They begin: you say to the old man, "Well, I'11 try to get along on my allowance," and you go off to college. And you walk in the front door and the registrar's there and they say, "Well, you can't take that because you don't have the prerequisites." And that becomes a little short subject called "Prerequisites: my struggles with," "My career: why I couldn't follow it" - would be another short subject. Another one would be "Are professors human?"
There'd be these little short subjects running all through the thing. Then you see, the college career is subdivided into episodes one, two, three and four. Or, in the case of a girl, "The Perils of Pauline." Freshman, sophomore, junior, senior - each one of those is an episode. And then there's - oh, this is very interesting. This is just all packages of film.
People do this, for instance, when they write autobiographies. Somebody comes along and says, "My Life" and "by John Doe." And then he tries to put down in print the complete film. Well, actually he's putting down a very second-rate rendition of it, even if it's beautifully written, because it's all on his film. And to date nobody's ever been able to set any John Doe up on a projector and let it run off on a screen for everybody to take a look at. That would be a very good invention, But you see, it isn't done at this time. And as a result people don't think of their films as films, because other people don't go look at them and nobody pays a quarter.
As a matter of fact, that's a fib. Over a long period of time people have been paying lots of quarters to look at my films. I find out that most of my stories have been completely autobiographical. My confidence in my own imagination has just gone by the boards.
Now, if you were to file these, how would you file them? You would file them according to several things so you could find them again. The first thing you would file them in regard to is time. That would be the broad file classification. And every film or facsimile in your mind has a time tag on it, and each one of those is carried along. Everything is on record and all the film is there.
That was another control mechanism telling you you didn't have all the film. They said, "Somebody else has it" or "You've lost it," or something of the sort. It isn't true. You have it all. So you have this time tag on each roll of film. You have it on each moment of each roll of film. This is much better than Hollywood. They do not have marked on the side of the square what frame it is, and you do. Every frame. You take, with the eyes, about twenty-five to seventy-five frames a second and you even got marked what frame and what second it is - very, very good in its index system. Fine index system, very poor file clerks.
Well anyway, you get a person with nine-tenths, ten-tenths - not quite ten-tenths of his film thrown over in the corner apparently completely tangled up, with the cat's dish in the middle of it, and a couple of old pairs of overalls thrown over the top of it, and the wrench the plumber left sort of dropped on it, and that whole room lost somewhere. The remainder is what you now know as you, and what you're using-the remainder of the not quite ten-tenths.

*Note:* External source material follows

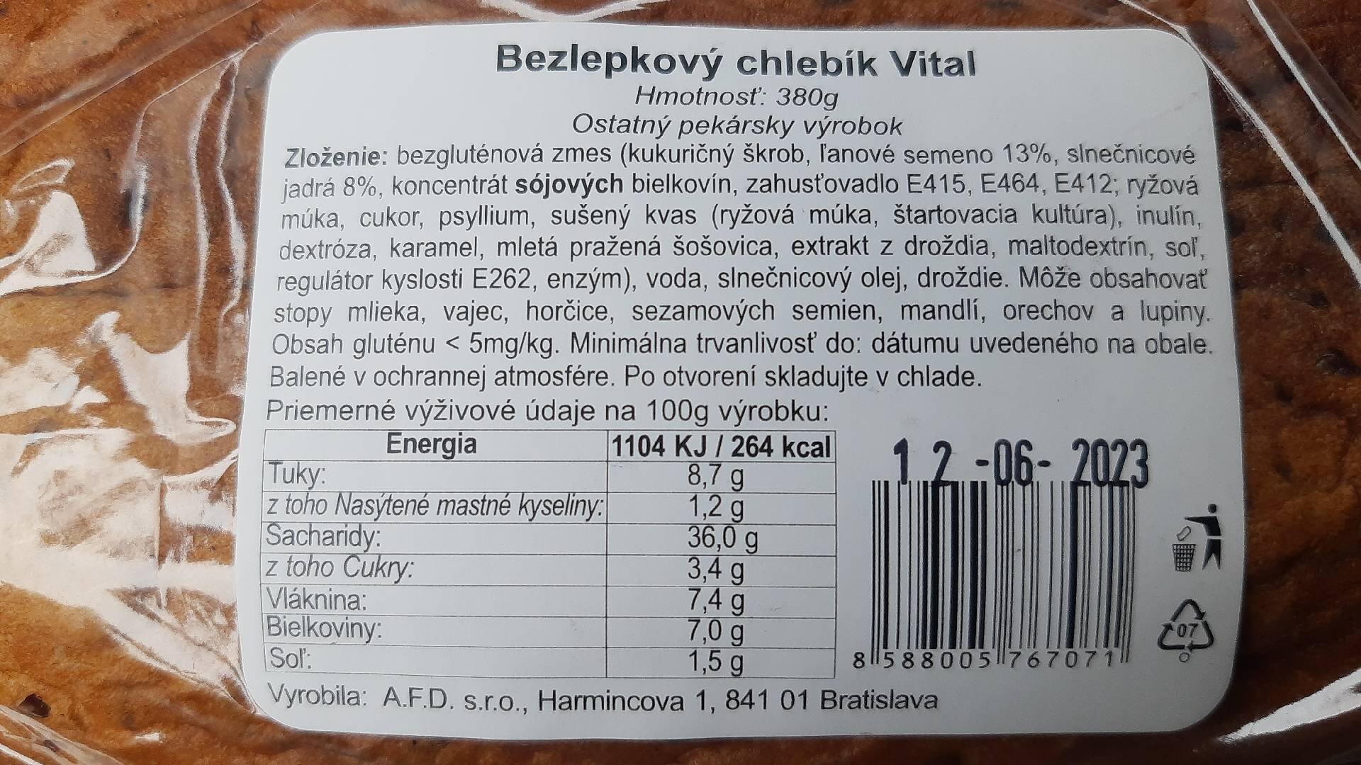 Bezlepkový chlebík Vital

Actually all the other film is there. And what you're trying to do in this science is simply get ahold of the rest of the film and put it back in the vaults because it shouldn't be in there with the cat's dish and so on. It really is not good care of film.
Fortunately, this film has many other advantages: it does not deteriorate. You can leave it out in the wind and weather for a long, long time and it doesn't corrode, shrink or stain. That's remarkable. It does not corrode or deteriorate. Once you have taken the picture, the picture is there.
Now don't make any mistake about this fact. If you've taken a lot of pictures with a myopic astigmatic lens or a calcified binaural hearing system, the quality of that film is not good, but you will have on the film as much as you've perceived and been capable of perceiving, and that's a lot more than you think is there. It records all night long, by the way. Terrific waste of material. It records all night long and all day long and when you're drunk and when you're mad and when you think you're not there and when you're dead, and it records all the time. It doesn't know the word "stop." Of course, I realize it has this in connection with some of these long-winded pictures of Bette Davis. They don't know when to say, "The End." But it has been going on now for an awful long time, this film has.
Now, it also records when you're unconscious. Somebody comes along and gives you a shot in the arm, knocks you out, hits you over the head, runs over you with a truck, something like that, the film keeps on recording with as many perceptions as you have turned on. If you're just drugged, the film keeps on recording.
If you were theoretically drugged and laid down without touching anything, and you weren't even touching what you were lying on, you were just drugged, you have a full recording from beginning to end of the effect of a drug on the body, which is to say, just a numb feeling. But don't think for a moment that isn't a record. It's a record.
If somebody came along halfway down the time between your going to sleep and waking up under the influence of the drug and hit you, thud! and said, "Boo!" - if an auditor were running along on this thing, he would eventually hit "thud!" and "Boo!" and you would pick this up out of the film.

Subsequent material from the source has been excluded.